Source data Block Start

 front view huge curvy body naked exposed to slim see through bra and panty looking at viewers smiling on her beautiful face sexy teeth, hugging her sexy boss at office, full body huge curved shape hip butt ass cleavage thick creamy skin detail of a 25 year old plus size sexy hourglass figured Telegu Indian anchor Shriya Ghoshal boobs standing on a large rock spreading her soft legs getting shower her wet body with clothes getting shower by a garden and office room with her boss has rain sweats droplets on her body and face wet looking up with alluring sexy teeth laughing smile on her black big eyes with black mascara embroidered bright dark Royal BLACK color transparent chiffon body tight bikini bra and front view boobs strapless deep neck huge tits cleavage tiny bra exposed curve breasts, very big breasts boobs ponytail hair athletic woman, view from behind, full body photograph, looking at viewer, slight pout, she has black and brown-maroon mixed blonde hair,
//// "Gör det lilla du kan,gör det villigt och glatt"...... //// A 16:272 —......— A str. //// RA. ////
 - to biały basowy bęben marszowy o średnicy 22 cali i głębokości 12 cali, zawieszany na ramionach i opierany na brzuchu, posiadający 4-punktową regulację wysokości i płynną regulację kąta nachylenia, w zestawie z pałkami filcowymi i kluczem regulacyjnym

Source data Block End
Source data Block Start

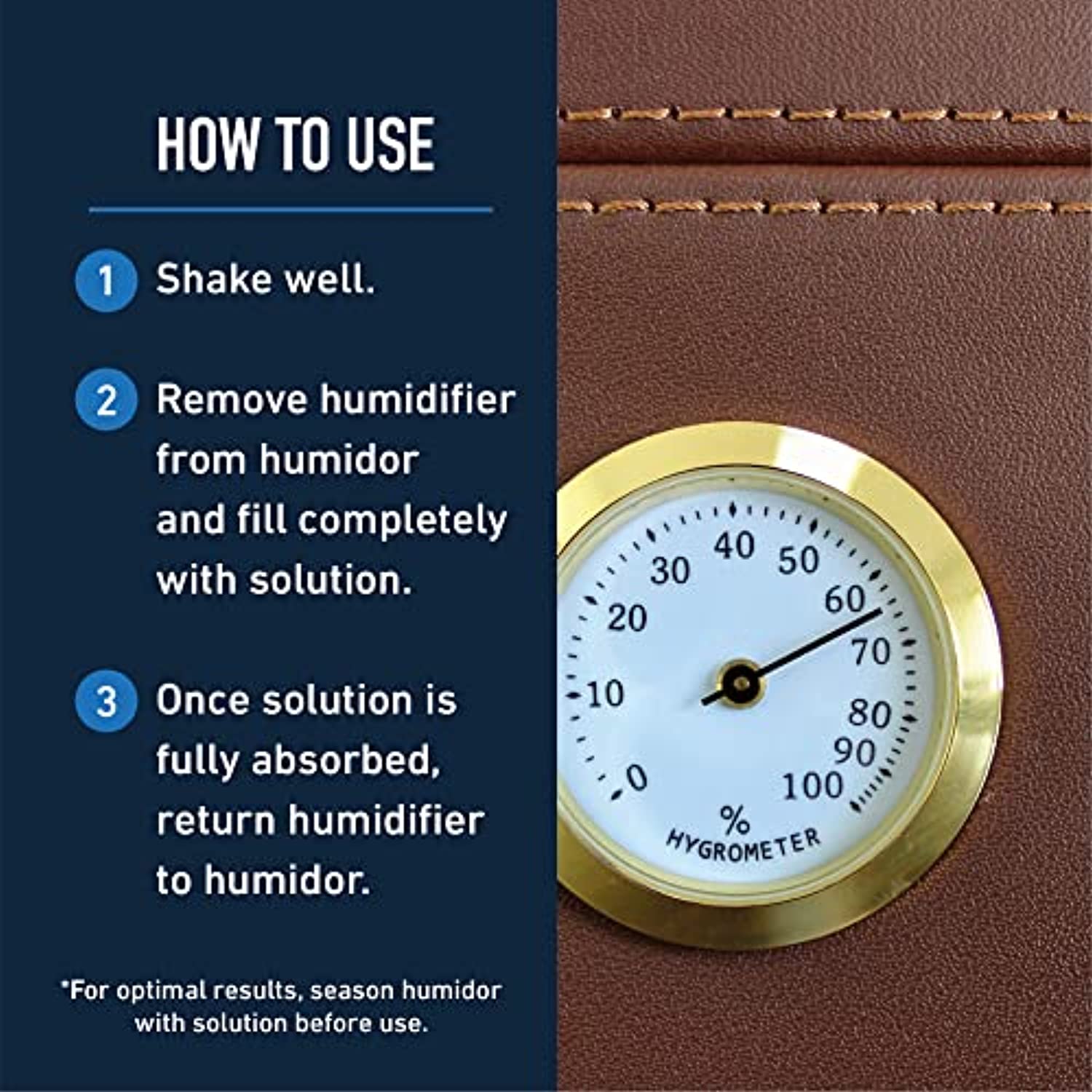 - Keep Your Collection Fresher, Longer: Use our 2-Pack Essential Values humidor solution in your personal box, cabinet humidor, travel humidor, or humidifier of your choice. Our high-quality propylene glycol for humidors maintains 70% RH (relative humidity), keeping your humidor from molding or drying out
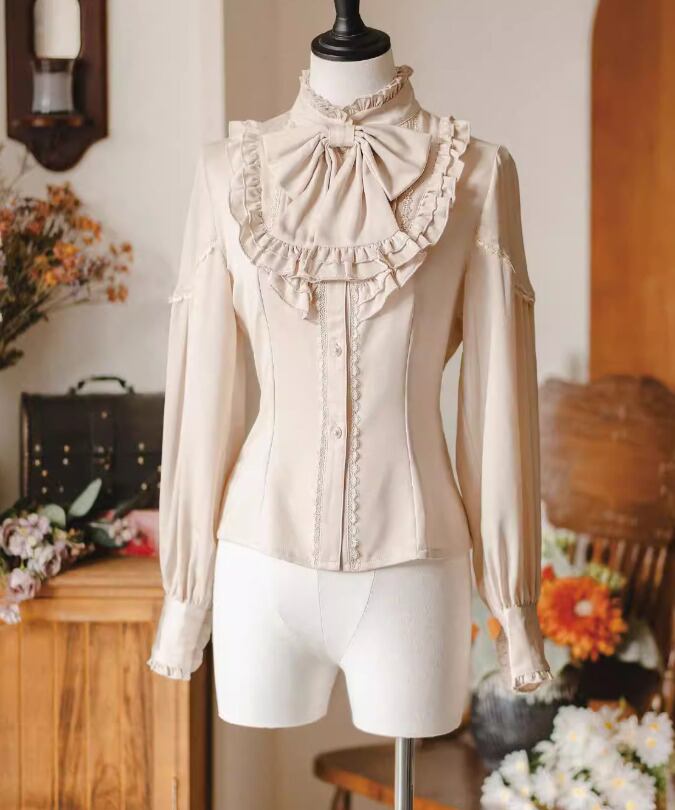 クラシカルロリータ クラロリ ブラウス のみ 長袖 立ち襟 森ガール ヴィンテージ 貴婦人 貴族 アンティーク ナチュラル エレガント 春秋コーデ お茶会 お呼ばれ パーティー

Source data Block End

- Aim of the task
Copy only what lies between the line with "- Keep Your" and the line with "クラシカルロリータ クラロリ ブラウス", those two lines included, exactly as given above; pictures stay out.

- Answer section
 - Keep Your Collection Fresher, Longer: Use our 2-Pack Essential Values humidor solution in your personal box, cabinet humidor, travel humidor, or humidifier of your choice. Our high-quality propylene glycol for humidors maintains 70% RH (relative humidity), keeping your humidor from molding or drying out
 クラシカルロリータ クラロリ ブラウス のみ 長袖 立ち襟 森ガール ヴィンテージ 貴婦人 貴族 アンティーク ナチュラル エレガント 春秋コーデ お茶会 お呼ばれ パーティー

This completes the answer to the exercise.